SLB’s steady investment in research and development—including during downturns—has contributed to higher profits and enabled the company to scale new technologies, as shown by growth in its data center business over the past two years.
The company successfully navigated the first quarter despite the Middle East conflict affecting its operations. It achieved a 3% year-over-year increase in revenue, totaling $8.72 billion. However, net income attributed to shareholders fell 6% to $752 million.

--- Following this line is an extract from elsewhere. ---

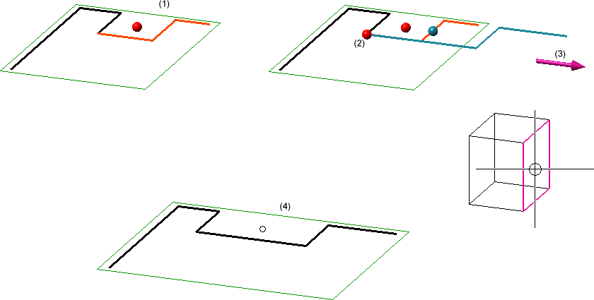 Exemple 2 - Facteur d'échelle 2, direction par sélection d'un plan : (1) Lignes-éléments sélectionnées, (2) Point fixe, (3) Direction, (4) Résultat - Déplacer les lignes, individuellement

SLB N.V. (NYSE:SLB) (formerly Schlumberger) is an oilfield services and technology company. It provides equipment, software, and services to the global energy industry—primarily focusing on drilling, reservoir performance, production systems, and carbon capture technologies.
2. Shell plc (NYSE:SHEL)
Stock Upside Potential: 24.61%
Year to Date Gain: 13.61%
Number of Hedge Fund Holders: 45
Shell PLC (NYSE:SHEL) is one of the best oil stocks to buy now amid the US-Iran Conflict. On May 20, QatarEnergy acquired stakes in three offshore exploration blocks in Uruguay from a Shell PLC (NYSE:SHEL) subsidiary, marking its first entry into the country’s upstream sector. Shell remains a key operator, holding majority interests in blocks OFF‑2 and OFF‑7, and a significant stake in block OFF‑4. The deal reinforces Shell’s role as a strategic partner for QatarEnergy in South America, expanding collaboration beyond existing projects in Qatar and other regions.
On May 18, analysts at HSBC upgraded Shell PLC to a Buy from a Hold, impressed by improved cash generation and stronger-than-expected earnings momentum.

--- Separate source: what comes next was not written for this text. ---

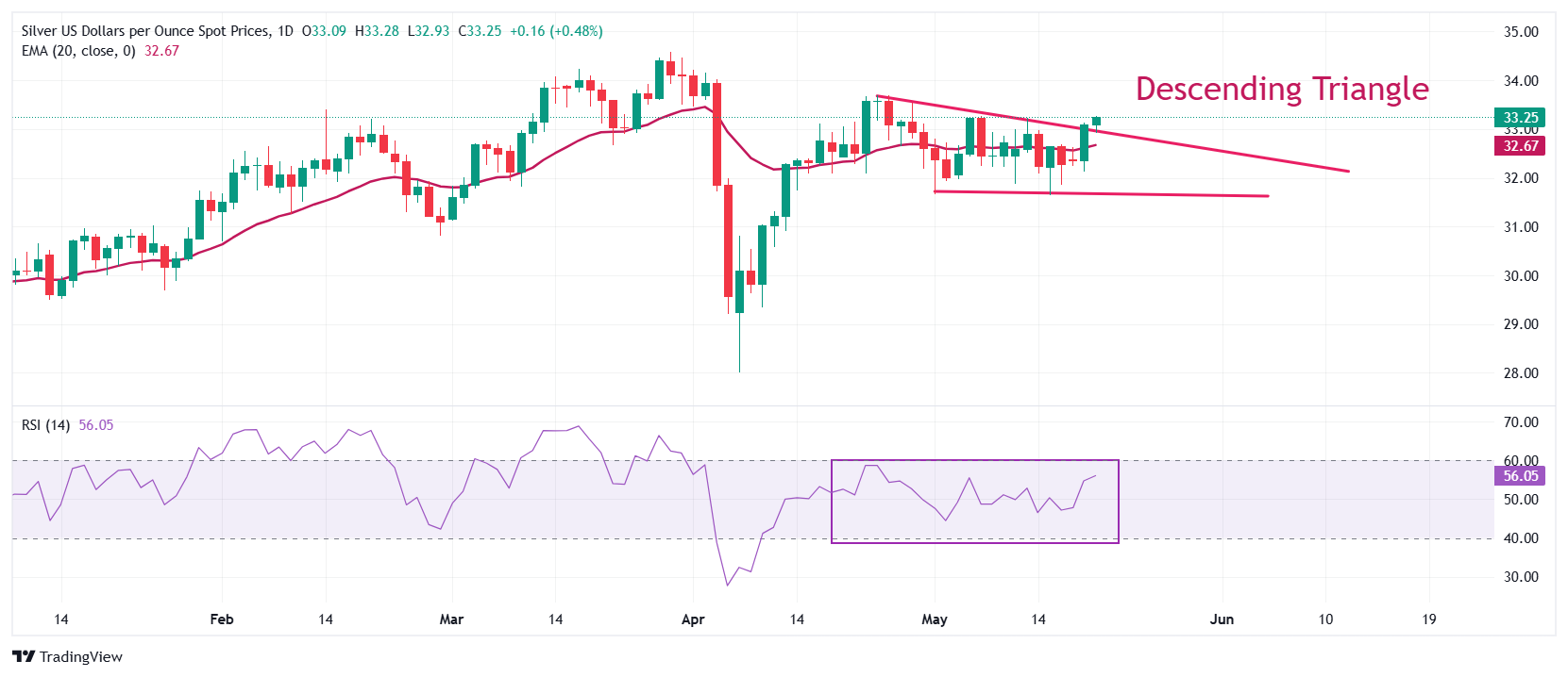 白银价格预测:白银/美元因美国信用评级下调而上涨至接近33.20美元

The research firm expects Shell PLC to deliver improved medium-term production as it capitalizes on its recent acquisition of ARC Resources. The acquisition is poised to add about 370,000 barrels of oil per day of production and 2 billion barrels of proved and probable reserves. Enhanced production is expected to lift the company’s growth rate to around 4% annually through 2030.
While Shell PLC did trim its quarterly share buyback to $3 billion from $3.5 billion. It is poised to redirect the $500 million balance towards the balance sheet and partly offset an unexpected 5% increase in the dividend. HSBC expects the buyback to revert to $3.5 billion in the first quarter of 2027.
Shell PLC (NYSE:SHEL) is a global integrated energy company that operates across the entire oil and gas value chain, from finding and extracting crude oil to refining it into everyday products and distributing them to consumers.
1. Devon Energy Corporation (NYSE:DVN)
Stock Upside Potential: 28.59%
Year to Date Gain: 24.69%
Number of Hedge Fund Holders: 58
Devon Energy Corporation (NYSE:DVN) is one of the best oil stocks to buy now amid the US-Iran Conflict. On May 21, Devon Energy Corporation (NYSE:DVN) completed the acquisition of 16,300 net undeveloped acres through a U.S. government federal lease sale in the core of the Delaware Basin in Lea and Eddy Counties.
The $2.6 billion sale is poised to bolster the company’s Delaware Basin positions and further extend inventory life. Devon Energy Corporation is to fund the acquisition with cash on hand while maintaining a strong credit profile.
The deal will add 400 net locations, normalized to 2-mile laterals, with strong well economics expected. The new position will also result in high net revenue interest, given that Federal leases carry 87.5% net revenue interest with 19-year terms across all depths.
The acquisition comes on the heels of the company announcing a series of capital return actions following the completion of all stock mergers with Coterra Energy. The board has already approved an $8 billion share repurchase representing 15% of the current market capitalization. It has also approved a $ 0.320-per-share dividend, a 33% quarter-over-quarter increase.
Devon Energy Corporation (NYSE:DVN) is an independent oil and gas company that explores for, develops, and produces crude oil, natural gas, and natural gas liquids. Operating entirely within the United States, its primary assets are concentrated in major resource basins, with a significant footprint in the prolific Delaware Basin.